Fiya asik bermain dengan mainan barunya bersama danil, mamah hana langsung pamit karena takut terlalu malam.
''Cepat sembuh yah sayang, nanti omah datang sama kalandra yah. '' ucap mamah hana dan fiya mengangguk.
Hanif mengantar mamah hana sampai luar ruangan dan hanif kembali masuk untuk merapihkan mainan fiya.
''Waktunya bobo sayang, mainannya besok lagi yah. '' ucap hanif dan fiya langsung mengangguk.
Hanif langsung menidurkan fiya dan tak lama fiya pun tertidur pulas, danil keluar dari kamar mandi dengan pakaian baru dan langsung duduk di sofa.
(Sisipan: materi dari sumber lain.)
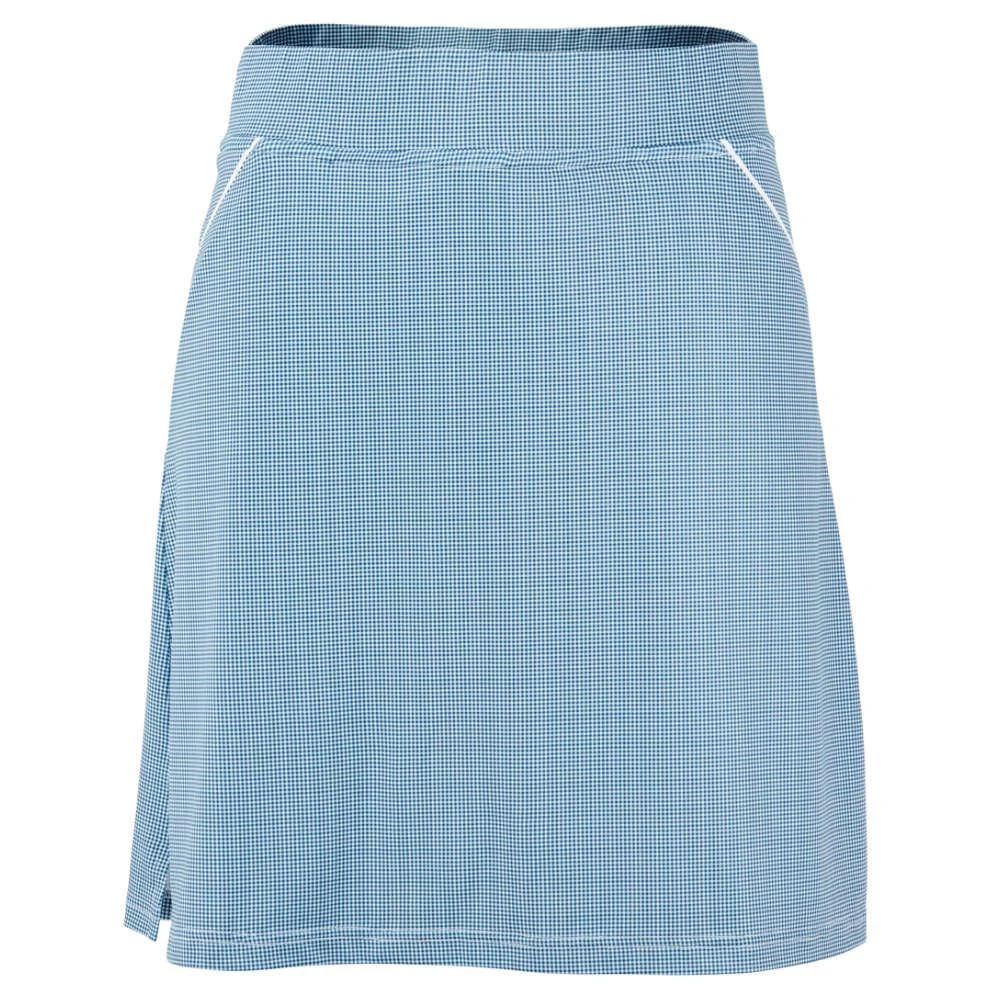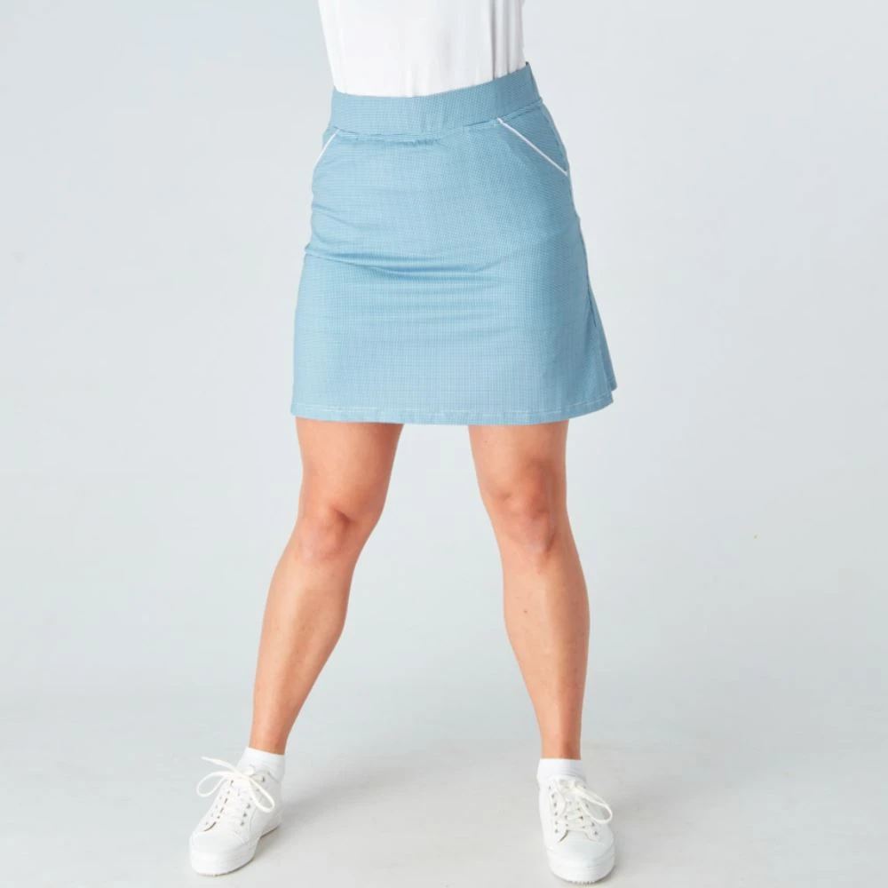 The classic pull-on high stretch skort in this season’s gingham and 47cm in length (average). So easy to wear, slim fit, slightly higher waist with lots of stretches but very forgiving. Front and back pockets. We wear ours both on and off the course.
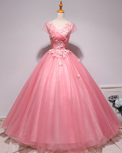 FYD112,Unique Pink Tulle Beaded Long Lace Up Prom Dress, Evening Dress With Applique
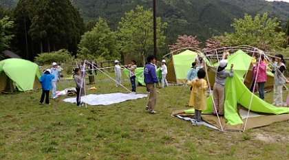 今夜はテントで泊まるので,その寝床をグループで協力しながらつくっています。
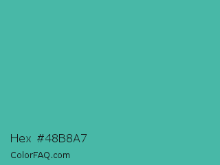 Hex #48b8a7 Color is a normal cyan color and the nearest color is Verdigris #43b3ae. Hex code #48b8a7 and RGB value is rgb(72,184,167). In RGB color space, this color is composed of 28% red, 72% green, 65% blue, In CMYK color space, this color is composed of 61% cyan, 0% magenta, 9% yellow , 28% black , In HSL color space, this color has a hue angle of 171° , 44% saturation and 50% lightness.
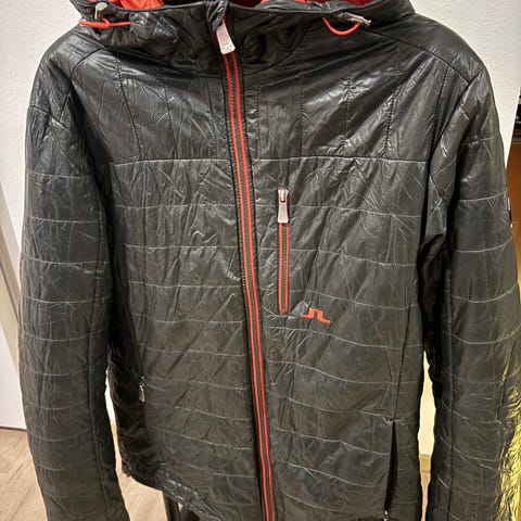 J. Lindebergin tummansininen kevyttoppatakki, miesten malli. Kokolapussa lukee L, mutta on pientä kokoa. Sanoisin, että takki on enemmän m-kokoinen. Takissa on huppu, jonka saa kokonaan kiinni. Takin edessä on pientä jälkeä, näkyy viimeisessä kuvassa. Luonnossa jäljet eivät näy niin selkeästi.
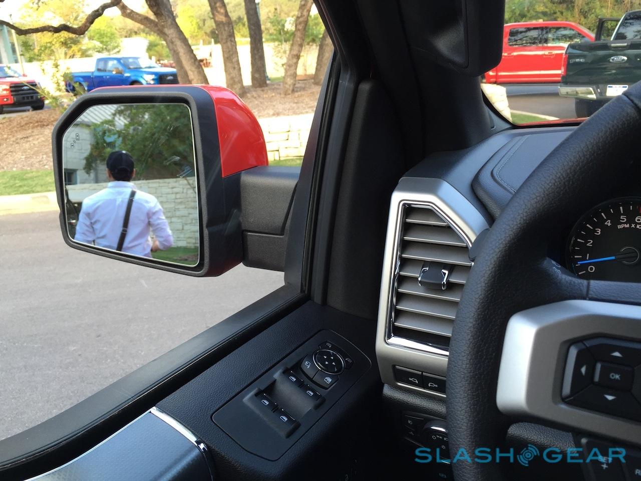 Whichever cab you choose, inside it's 2-inches wider than before, with more hip and shoulder space. You sit up high, of course, and visibility is great; Ford has dropped the belt line an inch, while the drop-down notch in the front side windows is even more pronounced than in the outgoing truck.
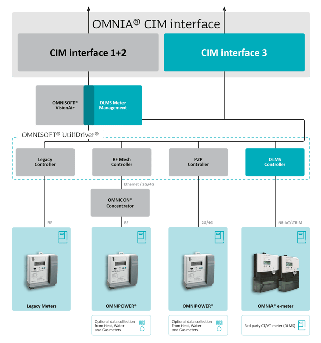 Våra nya e-meters kommunicerar med OMNIA® Suite över det mobila nätverket. Vi använder det standardiserade DLMS-protokollet och en DLMS-styrenhet för att integrera dem i ditt befintliga system.
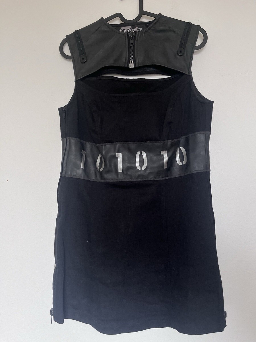 This rare Lip Service Ragdoll mini dress offers a unique, edgy look perfect for alternative fashion enthusiasts. Crafted for a versatile fit, it's labeled Large but fits like a Medium, making it ideal for layering or standalone wear at concerts or night outs. In good pre-owned condition with no flaws, it's a sustainable choice that reduces waste. Pair with boots and a leather jacket for a bold statement.
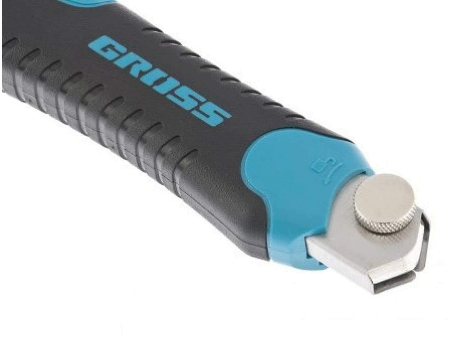 Нож 170 мм, обрезин. ABS - корпус, выдв.сегм.лезвие 18 мм (SK-5), метал. напр-щая, 5 лезвий// Gross
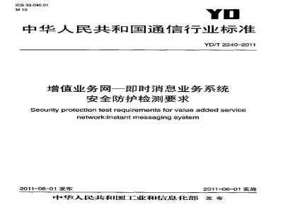 YD/T 2240-2011 增值业务网--即时消息业务系统安全防护检测要求

Hanif menyelimuti fiya dan duduk di sofa, hanif merasakan kantuknya karena semalaman kemarin hanif tidak tidur, karena fiya terjaga sepanjang malam.
Tak lama hanif pun tertidur, danil langsung membenarkan posisi hanif agar lebih nyaman.
''Selamat bobo sayang, semoga mimpi indah dan mas akan menjaga kamu. '' ucap danil setelah mencium kening hanif dan menyelimuti tubuh hanif.
.
.
.
.
.
.
__ADS_1
..............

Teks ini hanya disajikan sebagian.